Optimization proposal
OlivierSohn opened this issue · comments
Hello,
I have a suggestion to improve the performance of the queues that are dynamically sized:
Each time an element is pushed or poped, there is a call to a modulo operator to put head and tail in the [0,size) range.
This modulo might be very fast in the case where the size is a constant power of 2 known at compile time (if the compiler converts this to a bitwise operation), but when the size is set a run-time, this modulo operator might be expensive...
Instead of using modulo we could simply keep head and tail in the range [0,size) (i.e reset them to 0 when they become equal to size).
You are right. Would you like to submit a pull request?
You are right. Would you like to submit a pull request?
I'm afraid I won't have the time to do it.
There is another subject where I might be able to do a pull request but I'll open a separate issue.
Currently the queues that dynamically allocate the buffer always round the size to the next power of 2. I guess the easier way is to replace % size
with & (size - 1)
.
Currently the queues that dynamically allocate the buffer always round the size to the next power of 2. I guess the easier way is to replace
% size
with& (size - 1)
.
Yes that’s a smart way of doing it!
But actually I noticed that for a queue of size 7 the size is rounded to 4096 (or at least 1024, I don’t remember exactly). I wonder if this is expected (to have a full page and avoid other objects being on the same page?) or not
I wonder if this is expected (to have a full page and avoid other objects being on the same page?) or not
The B
variants of the queue use dynamic memory allocation and their size is always rounded to the next power of 2.
Whereas non-B
variants has MINIMIZE_CONTENTION
parameter, which rounds the size to the next power of 2 when set to true
.
I am thinking of unifying all the queue variants into one queue with a template policy argument to make the interface more straight-forward. But for now, dynamic allocation is done by B
variants, non-atomic and move-only types are supported by 2
variants.
their size is always rounded to the next power of 2.
For example with:
AtomicQueueB2<int> q(7);
we have q.size_ == 4096
(It looks like it's rounded to the next power of 2 bigger than 4096)
For example with:
AtomicQueueB2<int> q(7);
we have q.size_ == 4096
You are quite right.
This currently is expected behaviour because the B
variants always use the power of 2 size and remap subsequent indexes to different cache lines to minimize contention. The second condition causes AtomicQueueB2<int>
minimum size to be 4096 elements. B
variants do not have MINIMIZE_CONTENTION
template parameter that controls this behaviour for simplicity.

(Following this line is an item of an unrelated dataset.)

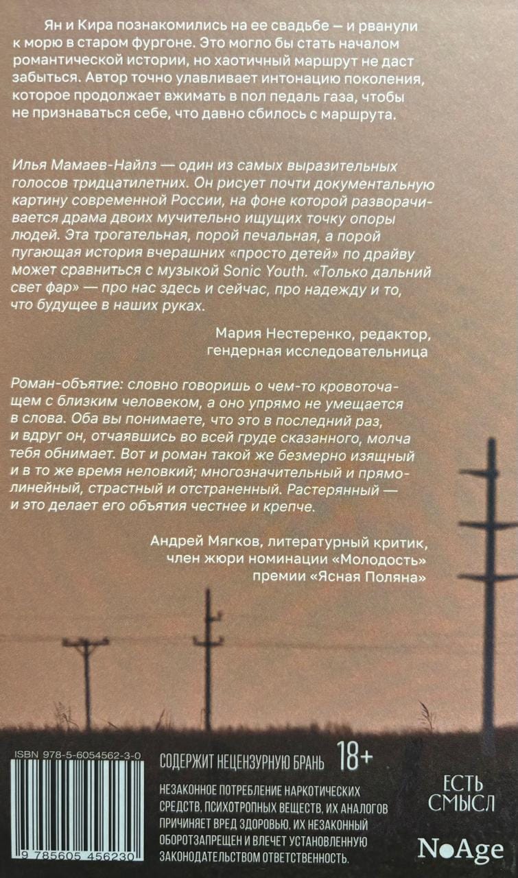 Ян и Кира познакомились на ее свадьбе — и рванули к морю в старом фургоне. Это могло бы стать началом романтической истории, но хаотичный маршрут не даст забыться. Автор точно улавливает интонацию поколения, которое продолжает вжимать в пол педаль газа, чтобы не признаваться себе, что давно сбилось с маршрута.

However, you don't want to use AtomicQueueB2
with lock-free types, such as int
, because there is extra overhead for handling non-atomic types. Use AtomicQueueB
with lock-free types. Unless you cannot allocate a special NIL
value from your atomic T
range, that queues for atomic types require.
Currently the queues that dynamically allocate the buffer always round the size to the next power of 2. I guess the easier way is to replace
% size
with& (size - 1)
.Yes that’s a smart way of doing it!
Just double checked (I forget details rather soon). The B
versions do exactly that because their size is always a power of 2.
The non-B
versions use plain %
because size_
is known at compile time, so that the compiler can optimise modulo into &
for power-of-2 sizes or, otherwise, do more fancy tricks to optimise the modulo by a constant.
Oh ok so I misread the code, I didn't see that the code I was reading was for a specialized type...
I didn't know about the remapping technique, I'll try to understand how it works from the code. I winder if successive elements land on successive cache lines for example
Oh ok so I misread the code, I didn't see that the code I was reading was for a specialized type...
Well, the code grew organically, and there is a number of queue few versions, so it is easy to get off track. That is the fault of my current API entirely.
Have a look into benchmarks.cc
, struct QueueTypes
.
The queue versions are also documented in README, see Available containers are:.
I didn't know about the remapping technique, I'll try to understand how it works from the code. I winder if successive elements land on successive cache lines for example
This is mentioned in README section NOTES, however, I do see now that it should be better documented in the code and/or I should provide better docs with examples.
Very interesting!
Actually the way the benchmarks are done made me think of an issue I encountered once: some CPU actually reduce their clock when they get hot, so I guess that the first queues of the benchmark could benefit from a cooler CPU :)
I'm closing this, since it's already covered
Actually the way the benchmarks are done made me think of an issue I encountered once: some CPU actually reduce their clock when they get hot, so I guess that the first queues of the benchmark could benefit from a cooler CPU :)
I run benchmarks in the following way:
[max@supernova:~/src/atomic_queue] $ sudo cpupower frequency-set --related --governor performance
[max@supernova:~/src/atomic_queue] $ ./scripts/run-benchmarks.sh
On modern Intel CPUs (Haswell and above) with adequate cooling (I use liquid) and power supply that fixes the CPU frequency to its max turbo.
I read that AMD Zen2 is quite different with regards to its turbo behaviour, but I don't have access to that CPU play with it.